# Why do I want a fixed base??



## Ken in Fallbrook (Apr 9, 2011)

I have several plunge routers. I leave them set up for different operations. One of them is a PC 690 that came with a fixed base and a plunge base. I can’t figure out why I want a fixed base in addition to the plunge base. It's been sitting on a top shelf gathering dust for a few years. Seems to me my plunge base will do everything the fixed base will do...... plus plunge.
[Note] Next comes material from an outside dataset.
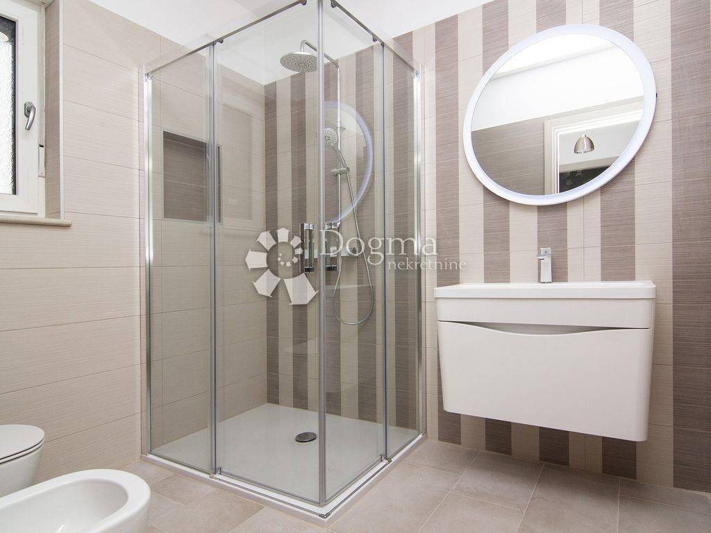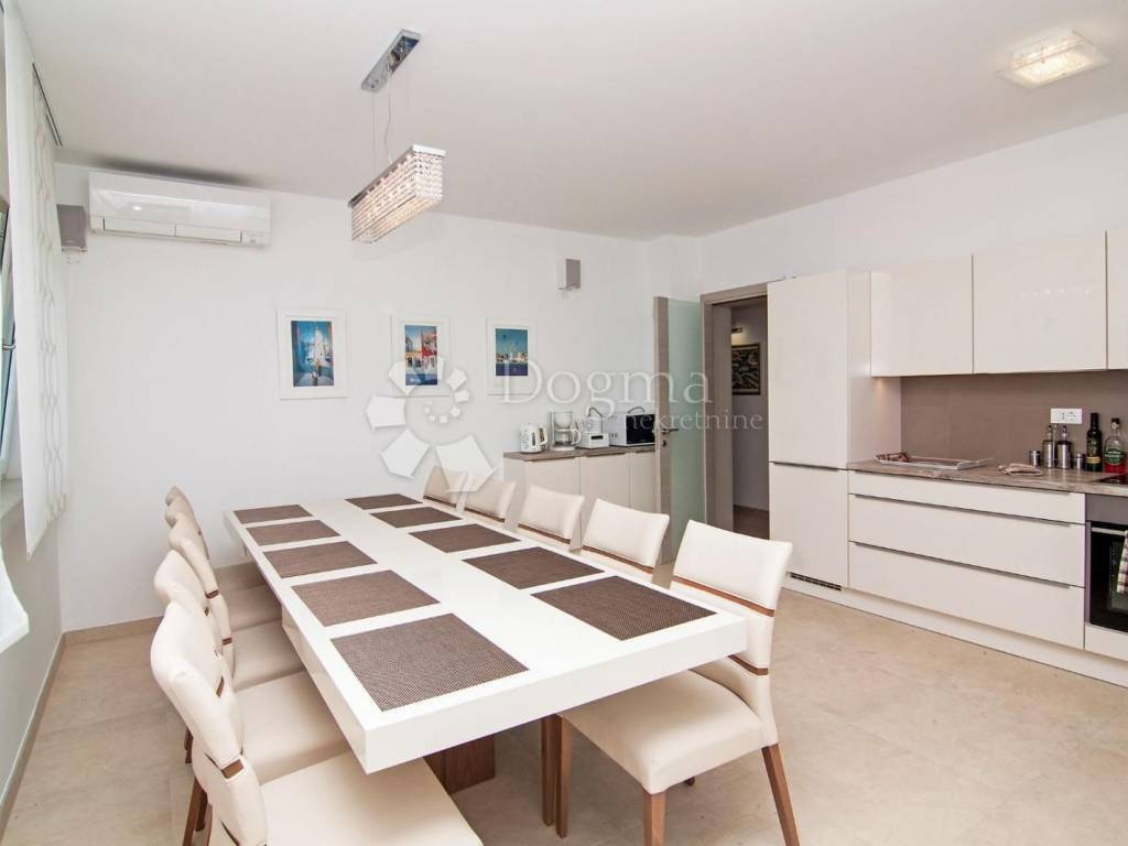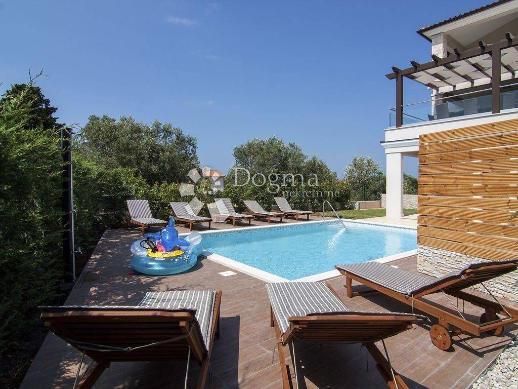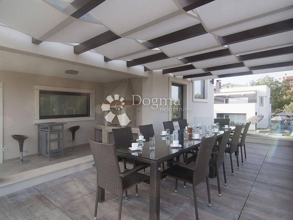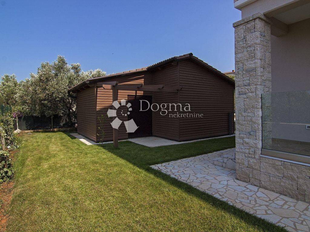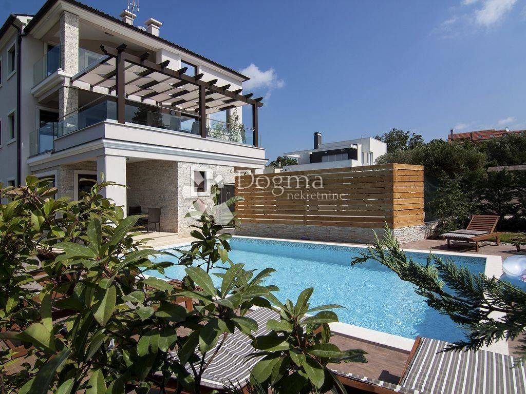 A picturesque fishing village on the southwest coast of the Istrian peninsula, near ancient Pula, the starting port for the Brijuni Islands - a national park with the attributes of an earthly paradise, is ideal for your vacation and recreation with many facilities. Families with children will find beautiful beaches and playgrounds, recreationists sports facilities, lovers of good food numerous restaurants, and nature lovers a beautiful promenade by the sea where everyone will enjoy the sunsets and sea air. Within 5 minutes walk to the sea is located this modern house with three apartments and a special space for entertainment. Heating and cooling is regulated by air inverter (9 units). Each apartment has a large terrace equipped with an outdoor grill. Next to the house there is a swimming pool of 32m2 and a sun deck. The garden is completely fenced, with 6 available parking spaces. GROUND FLOOR: * apartment of 149m2 consists of kitchen, dining room, living room, 2 bedrooms, 2 bathrooms. FIRST FLOOR: * apartment of 120m2 consists of a kitchen with access to a large covered terrace with barbecue overlooking the Brijuni archipelago, then 1 bedroom with bathroom and dressing room, one smaller room with terrace, 1 separate bathroom and 1 toilet. II FLOOR: * apartment of 120m2 consists of a kitchen with access to a large covered terrace with barbecue, then 1 bedroom with bathroom and dressing room, one smaller room with terrace, 1 separate bathroom and 1 toilet. Each apartment has a functional storage room. High quality insulation and PVC joinery with a double chamber guarantees high energy efficiency. Each apartment has separate electricity and water connections. An ideal investment with a quick return on investment in an attractive location with a breathtaking sea view.

What am I missing???


----------



## Nickp (Dec 4, 2012)

fixed base for table...?


----------



## hawkeye10 (Jul 28, 2015)

Nickp said:


> fixed base for table...?


Also if you want to rout signs.


----------



## kp91 (Sep 10, 2004)

The fixed base comes in handy when freehand routing, the lower center of gravity gives me a feeling of more control. Of course, it's a matter of personal preference and what you're used to.


----------



## Stick486 (Jan 4, 2013)

edge treatment...


----------



## Stick486 (Jan 4, 2013)

most bearing guide bits...


----------



## richjh (Jan 14, 2013)

I use a D-handle fixed base on my 690 with the dovetail jig for better control.


----------



## tomp913 (Mar 7, 2014)

@richjh

I have the 690 D-handle on an offset base, the first router I usually reach for.


----------



## kywoodchopper (Jul 18, 2013)

I have a dozen or so routers. Most are mounted in shop-made tables. Only have one fixed base and it is a trim router. I've never have seen a need for fixed base. Malcolm / Kentucky USA


----------



## Cherryville Chuck (Sep 28, 2010)

I would echo what Doug said. It's true that the plunge will do everything that a fixed base will and for anyone buying their first router I suggest that it be a plunge. I believe that Harry Sinclair in Perth, Australia has said they don't see many or any fixed bases for sale in their stores.


----------



## gjackson52 (Jul 4, 2015)

I don't know, but I have never used a plunge router...only fixed base. 


Regards....Gary


----------



## Quillman (Aug 16, 2010)

Lots of apps for that fixed base and more stable casting, Ken.
Turns out most outside cuts are single depth (not requiring the muliti-stage routing of plungers), & ideally suited for the fixed base.
Plunging, whilst on the edge of stock invites a tip-over.
Moreover, plungers have a relatively high center of mass, making them less useful & more risky for end and edge cuts. Appreciate, that any router whilst making a 90° outside turn, has < 20% of its casting on the work! How can you not tip the machine?
Plungers can't be beat for multi-stage inside cuts where the machine is surrounded x substrate; a real handicap for the fixed base 1001 casting. And fixed base tools are the tools of choice for outside single depth, fractional thickness cuts.
Routers


----------



## hawkeye10 (Jul 28, 2015)

gjackson52 said:


> I don't know, but I have never used a plunge router...only fixed base.
> 
> 
> Regards....Gary


Well Gary it's about time for you to buy a new router. A plunge base is as good of a reason as any. I use both bases quite a bit.


----------



## DesertRatTom (Jul 3, 2012)

Center of gravity is lower with fixed base, so it is easier to handle, for me at least. I don't use the plunge base much, and of course, the Colt I use is fixed base nearly all the time. Trim use with a plunge base? Doable, but awkward for me.


----------